◆ **Problem description**
Leave out all pictures and retype exactly the lines from the one with "2016 Exquisite Baby" through the last line of the material.

◆ ◆ ◆ ◆

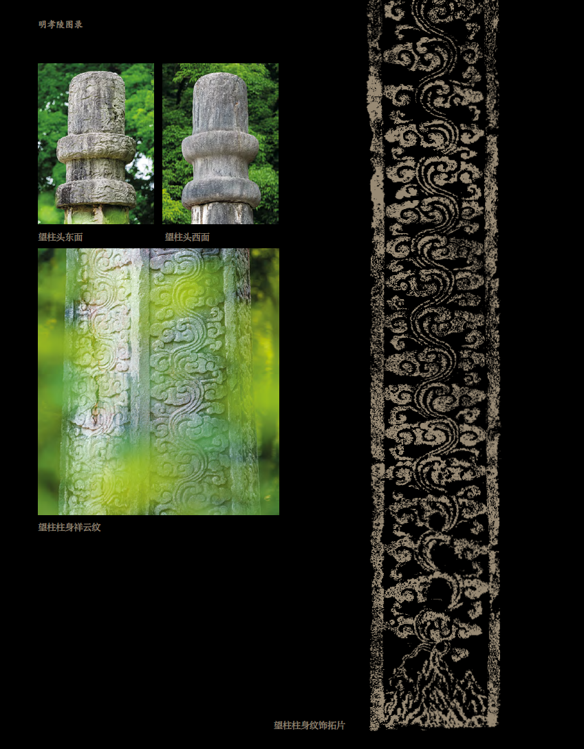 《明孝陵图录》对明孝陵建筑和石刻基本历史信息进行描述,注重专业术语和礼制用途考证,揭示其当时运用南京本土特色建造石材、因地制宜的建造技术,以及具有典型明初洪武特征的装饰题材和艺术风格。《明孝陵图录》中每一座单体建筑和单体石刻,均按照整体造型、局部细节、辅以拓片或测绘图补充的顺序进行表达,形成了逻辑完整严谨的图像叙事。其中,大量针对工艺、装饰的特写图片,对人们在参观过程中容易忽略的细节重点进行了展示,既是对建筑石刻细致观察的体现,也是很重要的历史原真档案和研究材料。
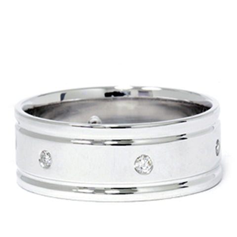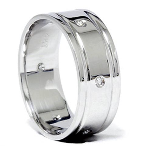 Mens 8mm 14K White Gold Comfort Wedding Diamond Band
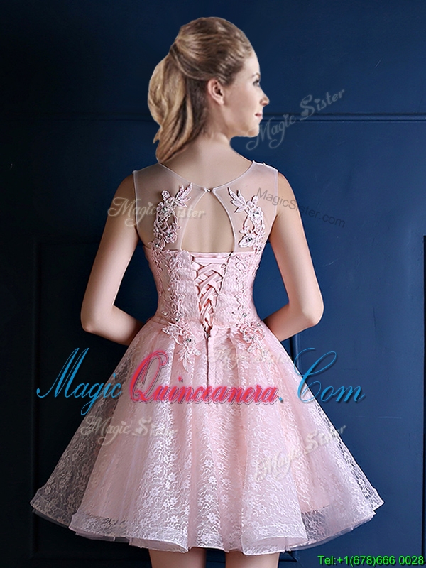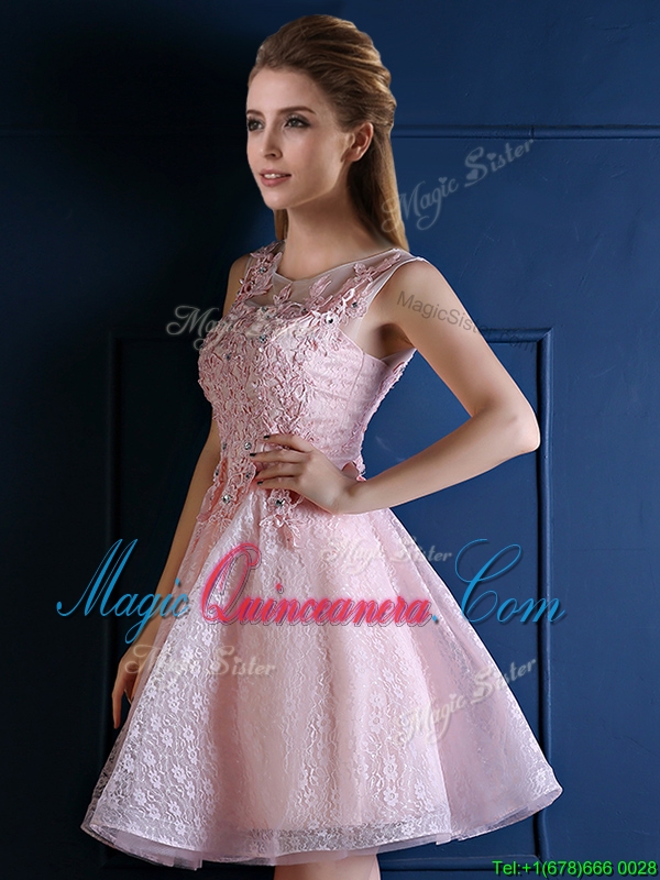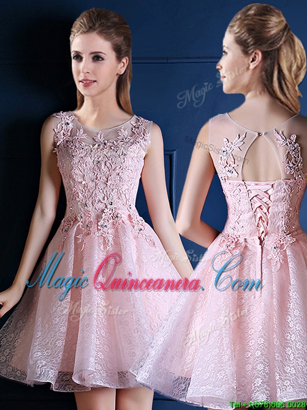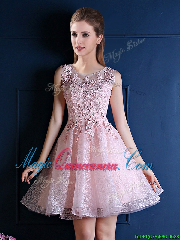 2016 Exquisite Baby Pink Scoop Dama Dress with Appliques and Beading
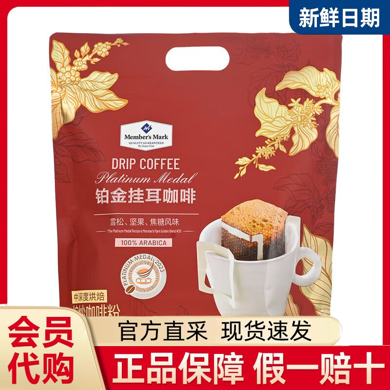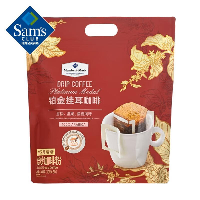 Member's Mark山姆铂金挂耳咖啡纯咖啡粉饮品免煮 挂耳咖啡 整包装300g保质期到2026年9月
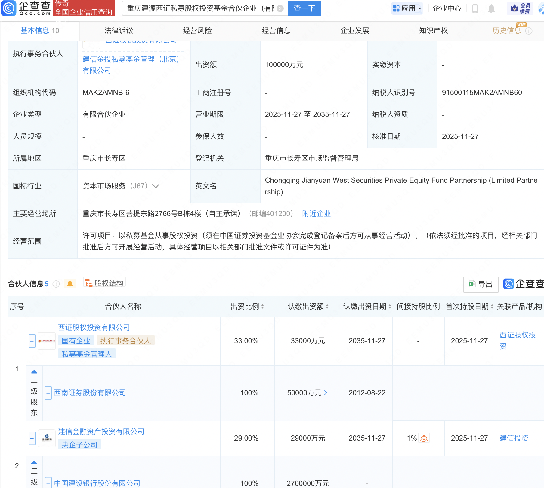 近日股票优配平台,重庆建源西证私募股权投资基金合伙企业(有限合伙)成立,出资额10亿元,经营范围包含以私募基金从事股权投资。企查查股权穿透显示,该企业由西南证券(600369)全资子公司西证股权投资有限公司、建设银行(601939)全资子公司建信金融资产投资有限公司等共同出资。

◆ ◆ ◆ ◆

◆ **Output of the exercise**
 2016 Exquisite Baby Pink Scoop Dama Dress with Appliques and Beading
 Member's Mark山姆铂金挂耳咖啡纯咖啡粉饮品免煮 挂耳咖啡 整包装300g保质期到2026年9月
 近日股票优配平台,重庆建源西证私募股权投资基金合伙企业(有限合伙)成立,出资额10亿元,经营范围包含以私募基金从事股权投资。企查查股权穿透显示,该企业由西南证券(600369)全资子公司西证股权投资有限公司、建设银行(601939)全资子公司建信金融资产投资有限公司等共同出资。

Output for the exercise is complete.